Schools Use “Bullying” as a Pretext to Violate Students’ Rights to Free Association and Freedom of Speech

In a small but growing number of schools, you have to invite all the kids in your child’s class to her birthday party, even if your child doesn’t want to invite them. For example, the student handbook of the John F. Kennedy Elementary School in West Berlin, New Jersey makes this demand: “If a student is inviting his/her classmates to a party, he/she must invite all of the students in the class or all of the female students or all of the male students. When invitations are given in school, students may not arbitrarily invite or exclude classmates from parties.”  These mandates may make sense to wealthy, privileged liberals with big houses, who don’t realize that a parent with a small house could not accommodate the entire class or even half of it.
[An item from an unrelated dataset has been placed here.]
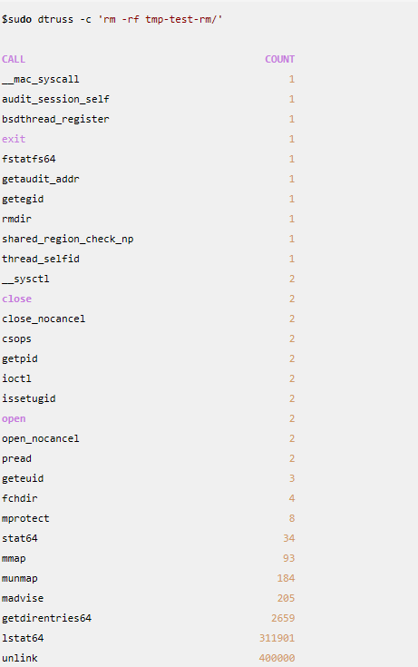 - 过程:正式删除工作的第一阶段,需要通过getdirentries64调用,分批读取目录(每次大约为4K),在内存中建立rm的文件列表;第二阶段,lstat64确定所有文件的状态;第三阶段,通过unlink执行实际删除。这三个阶段都有比较多的系统调用和文件系统操作。
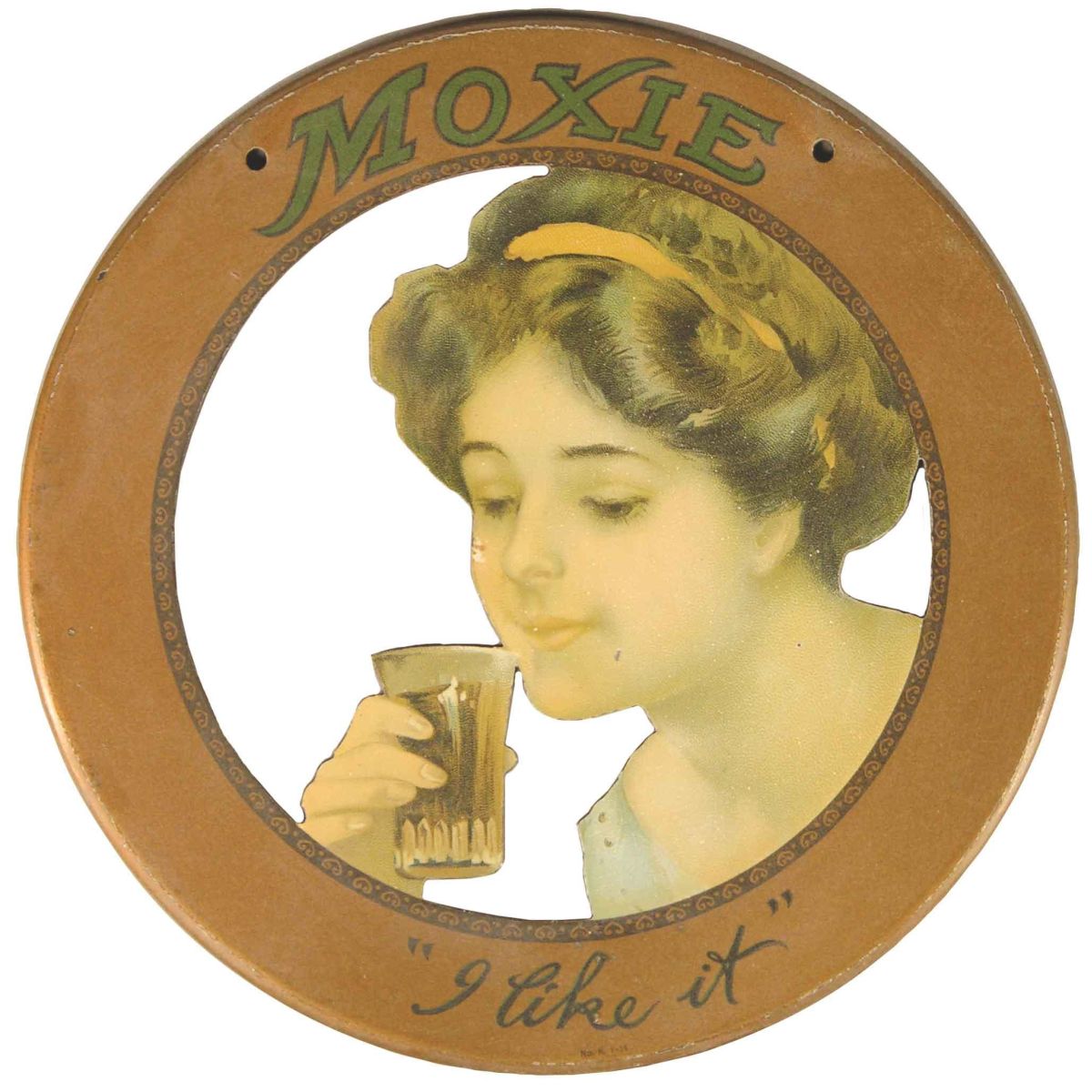 Moxie Die Cut Tin Sign. Some fading otherwise very good condition. 6 1/8 inch diameter. Start Price $40

But there is no way I could accommodate more than a few kids at my daughter’s birthday party, since I live in a little two-bedroom house.

Many of these bossy rules dictating who kids can invite to their own birthday parties are based on the weird idea that inviting only popular children is a form of bullying.  Using politically-correct psychobabble about “power relationships,” some psychologists have sought to redefine bullying to include wielding “popularity,” not just violence.  For example, a recent survey by a clinical psychologist at the University of Virginia, Dewey Cornell, defined bullying as “the use of one’s strength or popularity to injure, threaten or embarrass another person on purpose,” and defined it to include “verbal” or “social” behavior, not just “physical” assaults and intimidation.  So if you are “embarrassed” by a “popular” person you can accuse them of bullying. Still worse is the nobully.com web site, which defines even “eye rolling” as a form of bullying, so if you roll your eyes at a jerk, they can accuse you of “bullying.”  As someone who experienced real, violent bullying as a child, I think these overbroad definitions of bullying trivialize actual bullying.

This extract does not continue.